+++ GIVEN ENTRIES
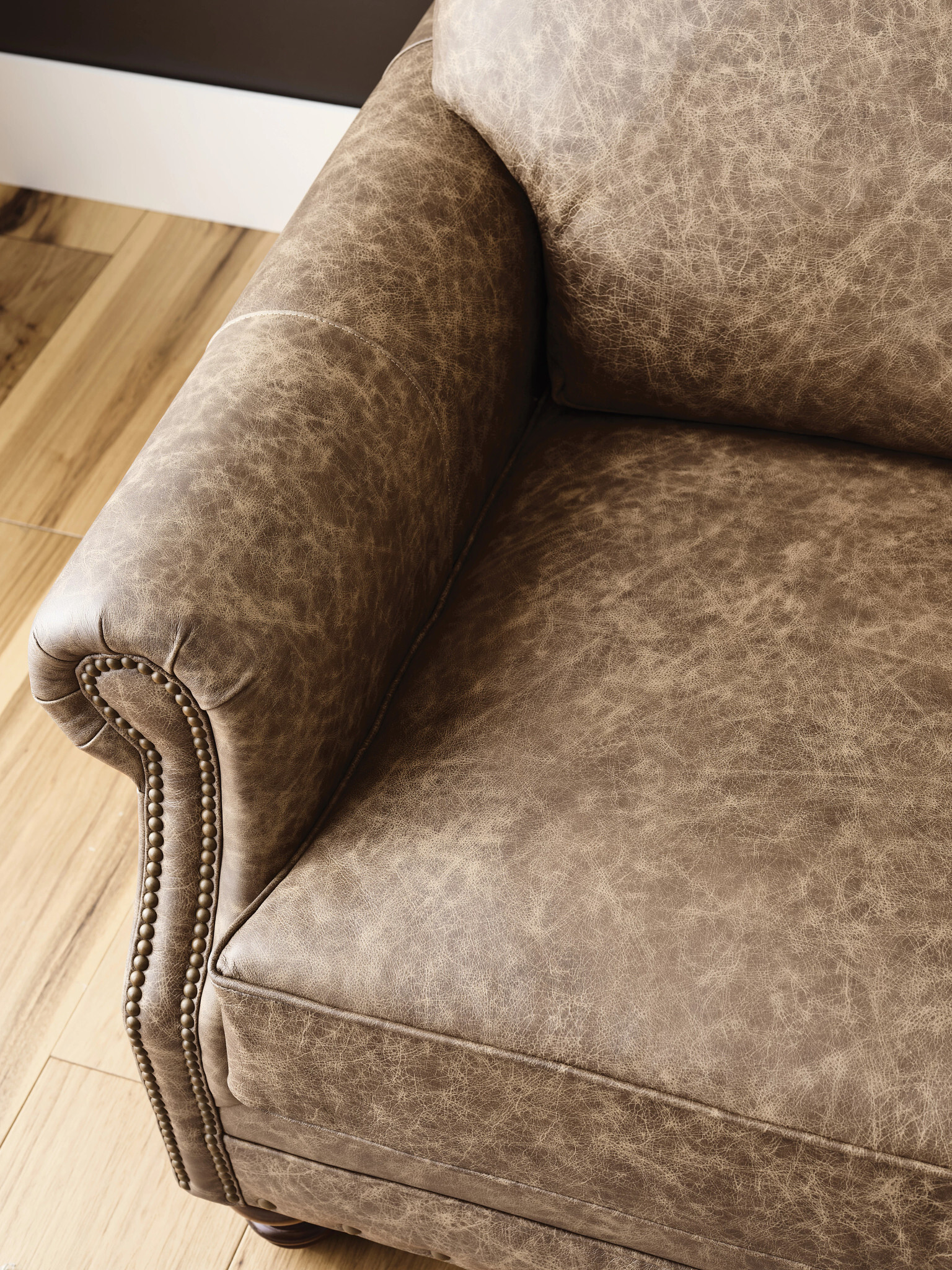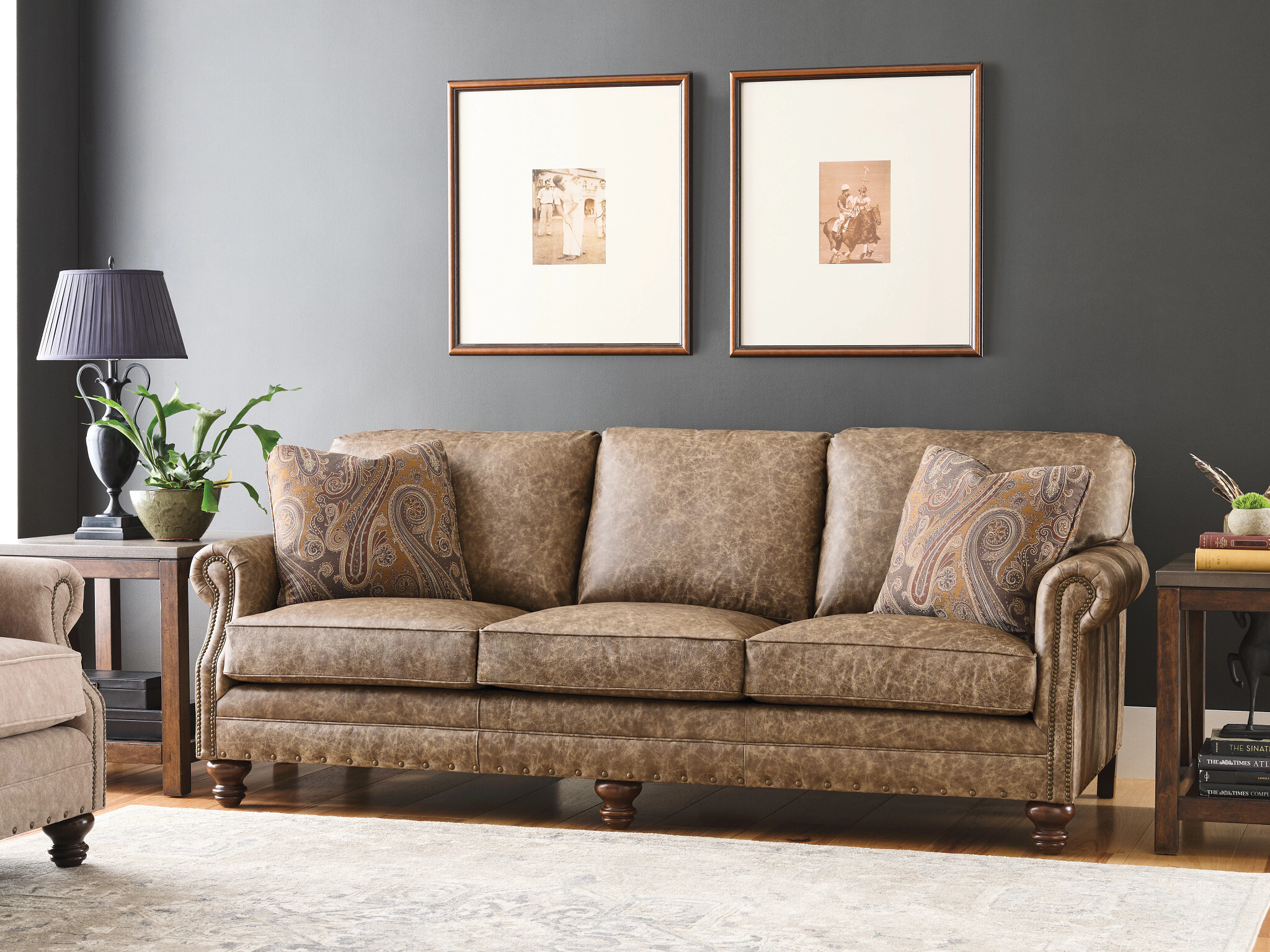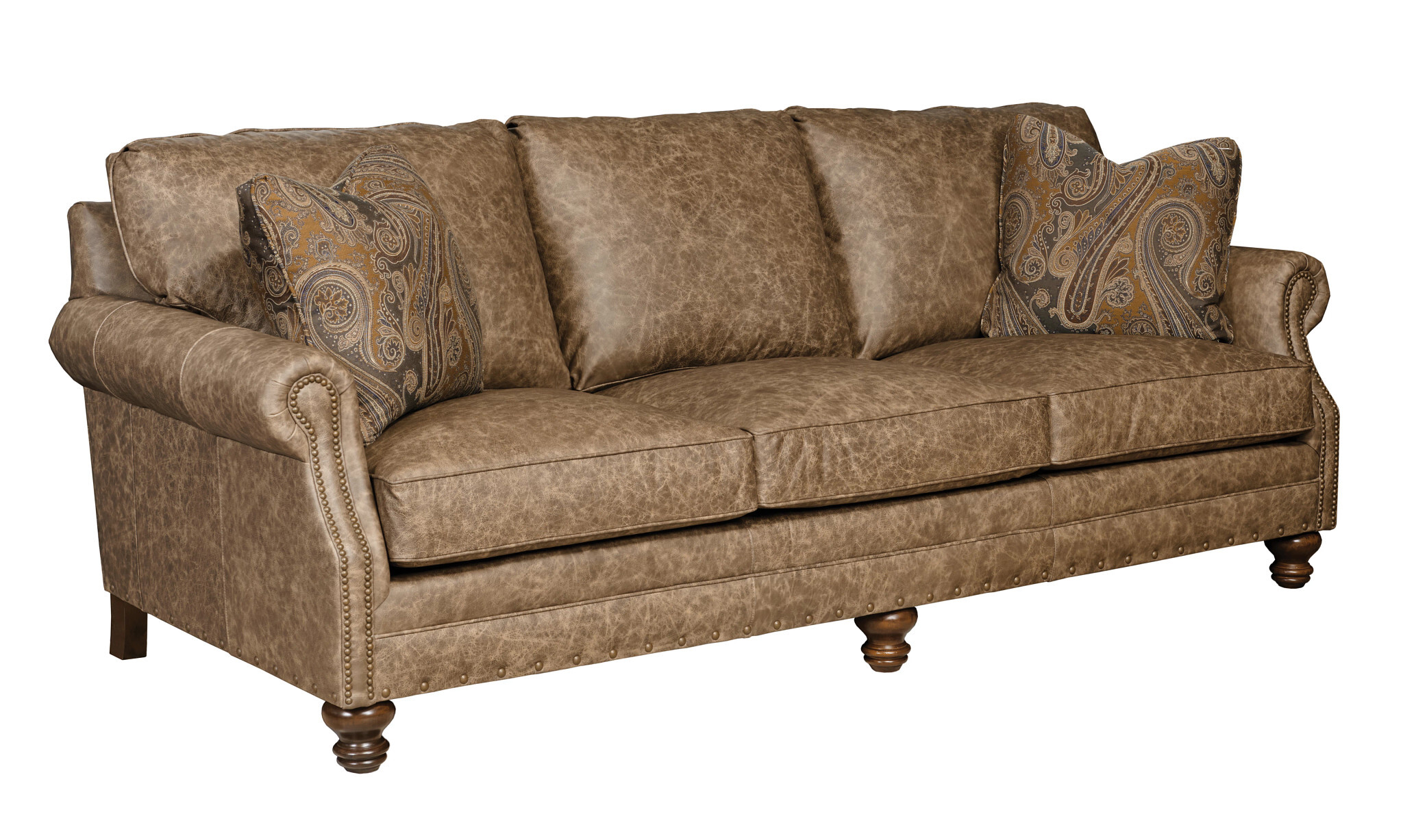 When the space calls for comfort, classic styling, and plenty of seating, look no further than the leather Bayhill Sofa. Shown here in the larger length, the Bayhill is built to look and sit great for years to come. Stylistically, the Bayhill Leather Sofa features a design built around a traditional rolled panel arm that adds a front scoop which is finished in nail head trim. The shaped lines of the arm flow downward to a turned, solid wood foot. The Bayhill can be ordered in any Kincaid leather or fabric, and is available in two lengths along with matching loveseat, chair, and ottoman.
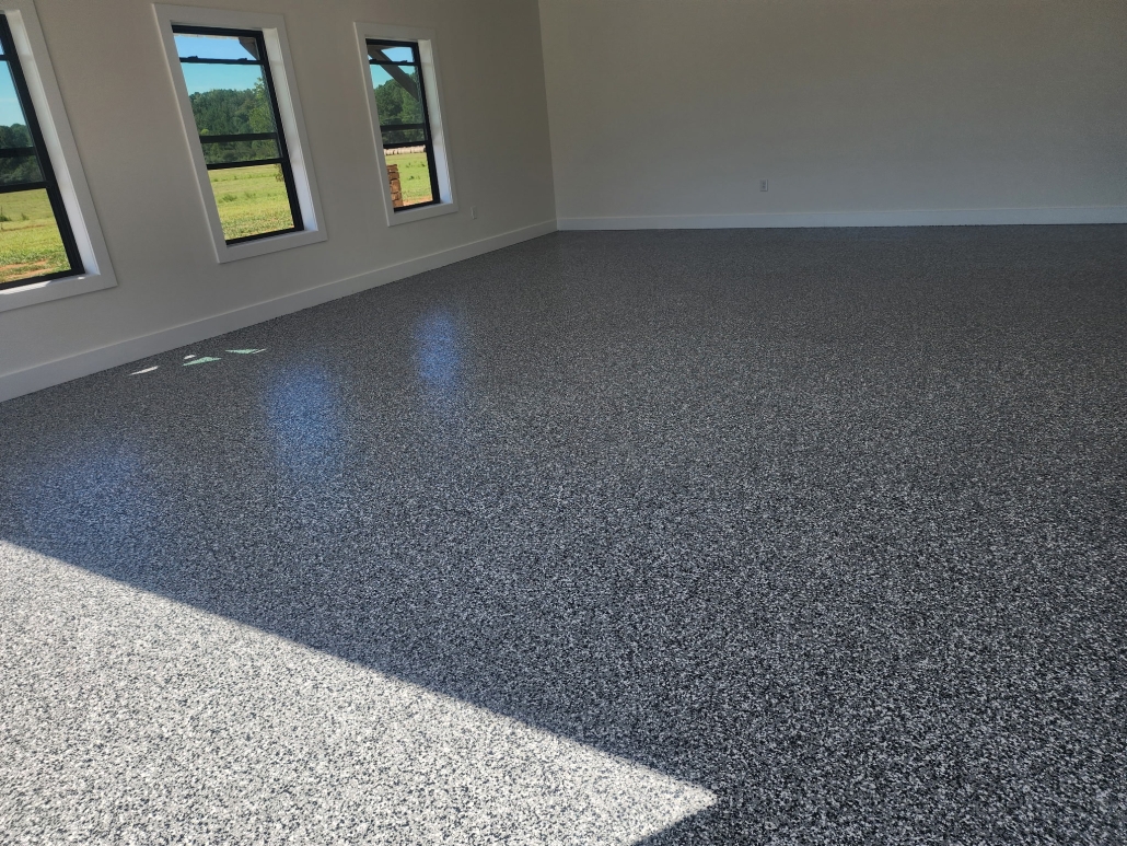 Flake and mica chips create some of the most beautiful color combinations. The 1/4 inch flakes provide the most texture while the 1/16 inch flakes are smoother. Metallic mica offer a richer, upscale look to garage flooring. Regardless of the texture you choose for your garage floor coating, we’ll be able to create the perfect color combination for you.
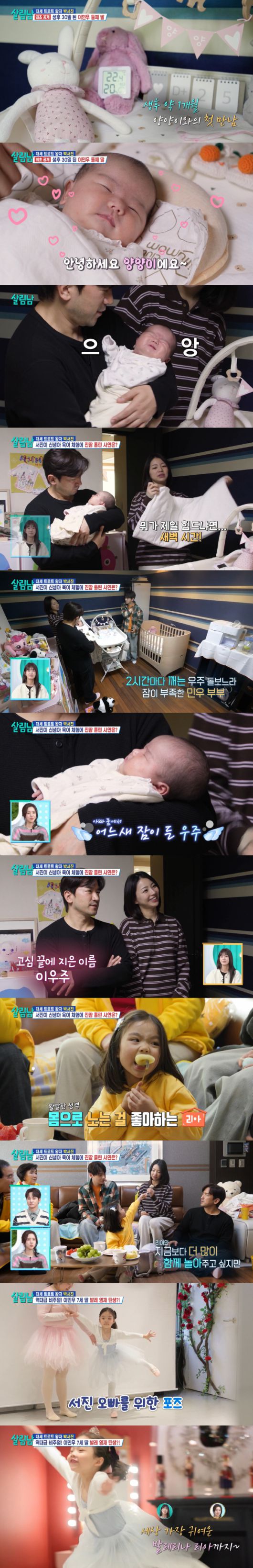 이민우의 아내는 "새벽시간이 힘들다. 2시간 마다 깬다"고 했고, 우주는 어느새 아빠 품에서 잠이 들었다. 이민우는 "이때가 제일 행복하다. 눕히고 좀 쉴 수 있다. 그때 자야 한다"고 했다. 또한 아내는 딸 이름에 대해 "우주로 정했다"며 웃었다.
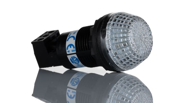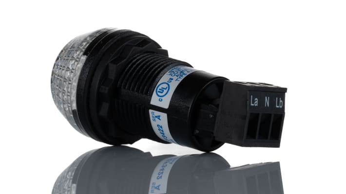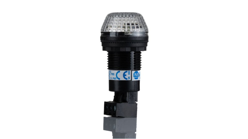 Segnalatore stroboscopico a LED, tensione 24 V ca/cc, colori verde e rosso, montaggio a pannello su foro standard da 22,5 mm, serie 855PD, grado di protezione IP65, temperatura operativa da -25 a +60 gradi, conforme a standard EN/IEC 60947-1, EN/IEC 60947-5-1, UL 508, CSA C22.2 n. 14, certificazione cULus, morsettiere a innesto, custodia nera, altezza 42 mm, diametro base 30 mm.
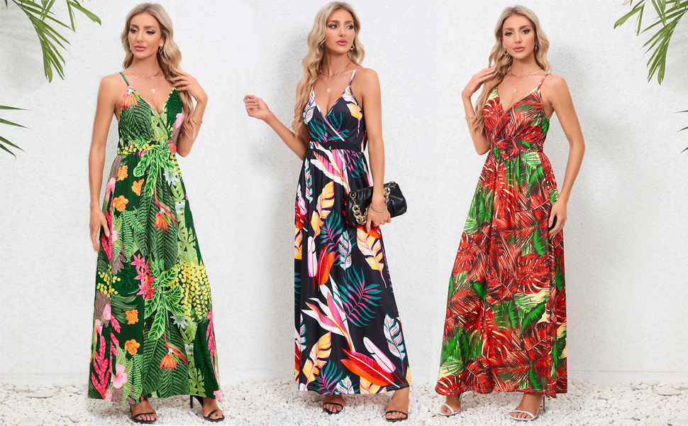 High quality and lightweight fabric make you feel good and comfortable.Long dresses with floral print skirt.It’s so easy to dress up or down with jewelry and shoes.This long dress features a flattering elastic waist, refined elegance.Material: Polyester, Spandex FabricGender: Women, Ladies, GirlStyle: Fashion, Casual, SexyPattern: Floral PrintedNeck: V NeckSleeves: SleevelessBack: backlessLength: Maxi DressSeason: Spring, Summer, fallWashing Care: It’s washing by hand or machine with cold water.
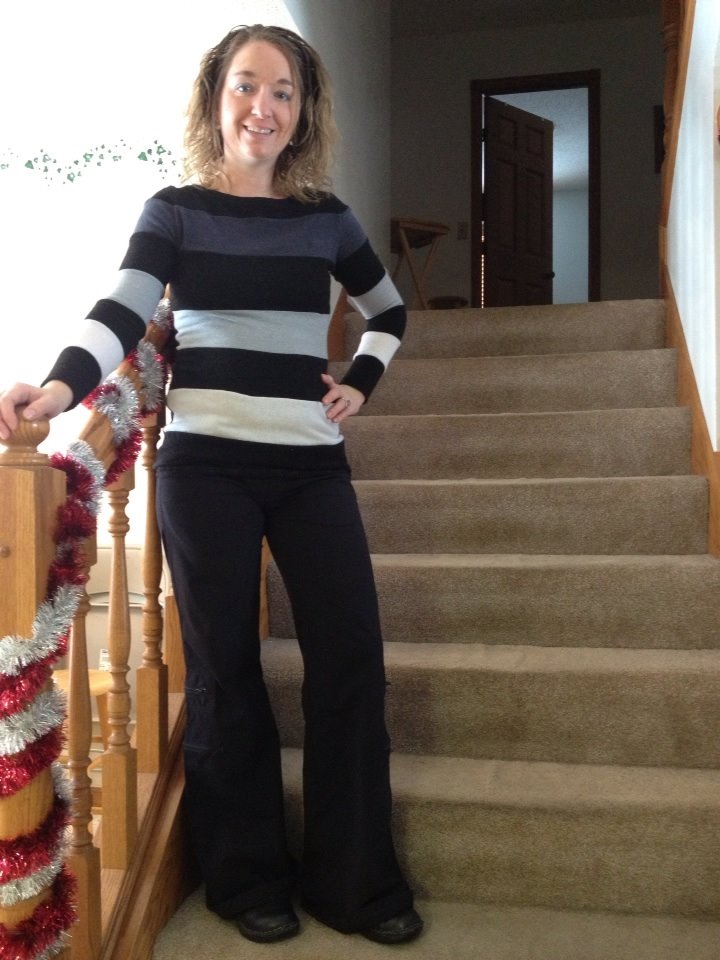 I received the Carina Sweater in the Black/Grey/White style. I don’t own many clothes with stripes but this knit top is gorgeous. The design is flattering and looks great on.
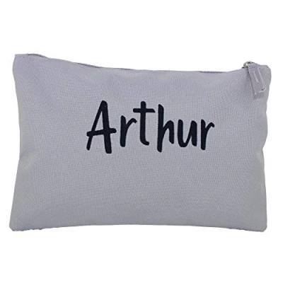 Personalised Name Silver Grey Travel Wash Bag (Black Embroidery)
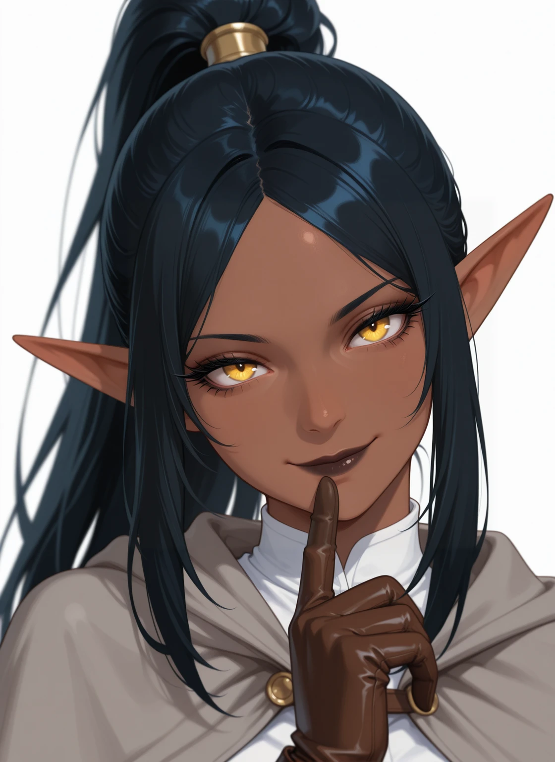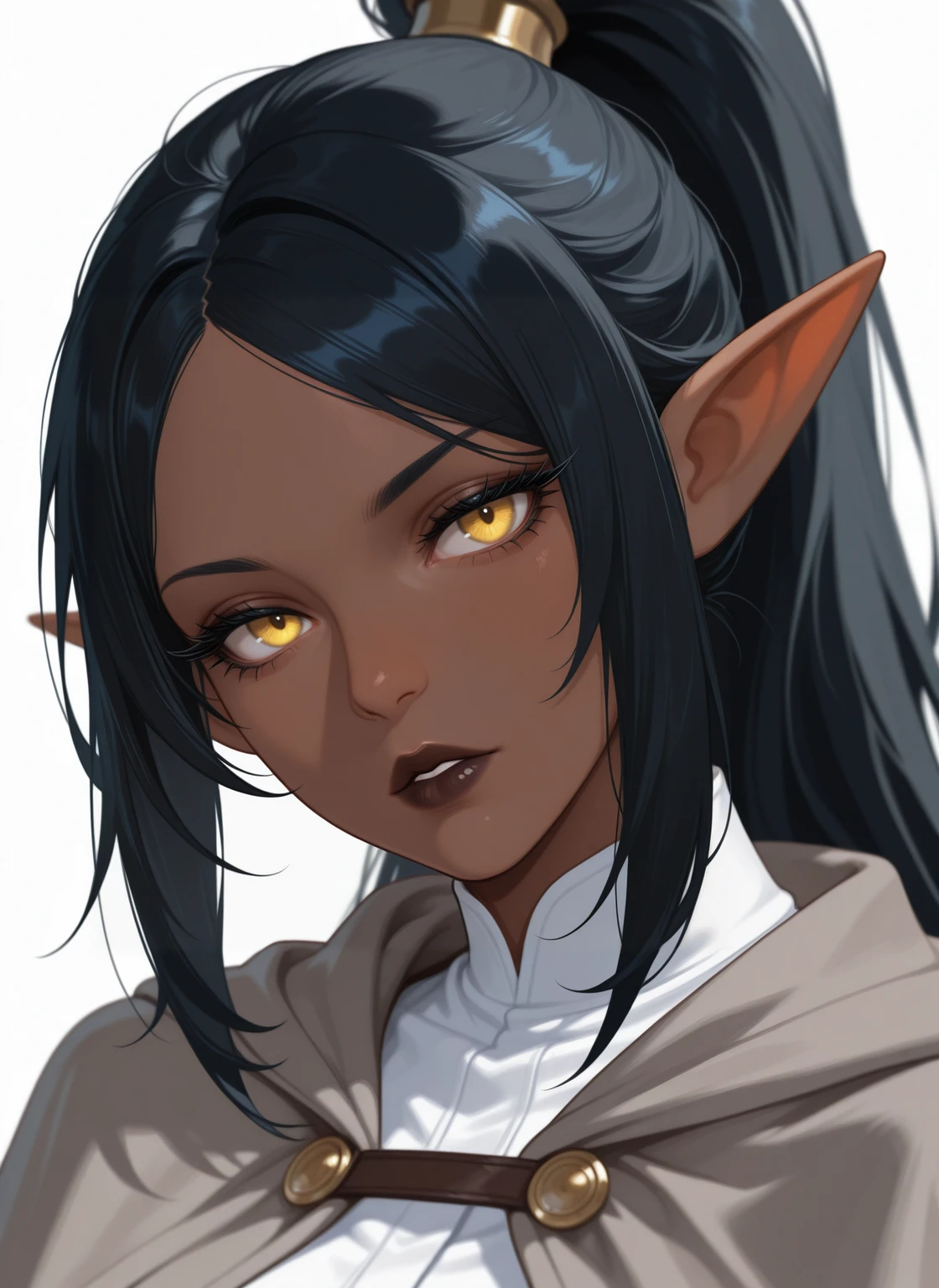 - Lyra_OC, Elf, Pointy ears, Dark Skin, Full Dark Lips, Yellow eyes, Long eyelashes, Long Hair, Black hair, parted bangs, Slender body, Medium Breasts,
++++++
▶ _EXERCISE_
Retype the lines exactly. Begin at the one that holds "Personalised Name Silver", stop at the last line of the entries above, and drop the pictures.

▶ _TASK ANSWER_
 Personalised Name Silver Grey Travel Wash Bag (Black Embroidery)
 - Lyra_OC, Elf, Pointy ears, Dark Skin, Full Dark Lips, Yellow eyes, Long eyelashes, Long Hair, Black hair, parted bangs, Slender body, Medium Breasts,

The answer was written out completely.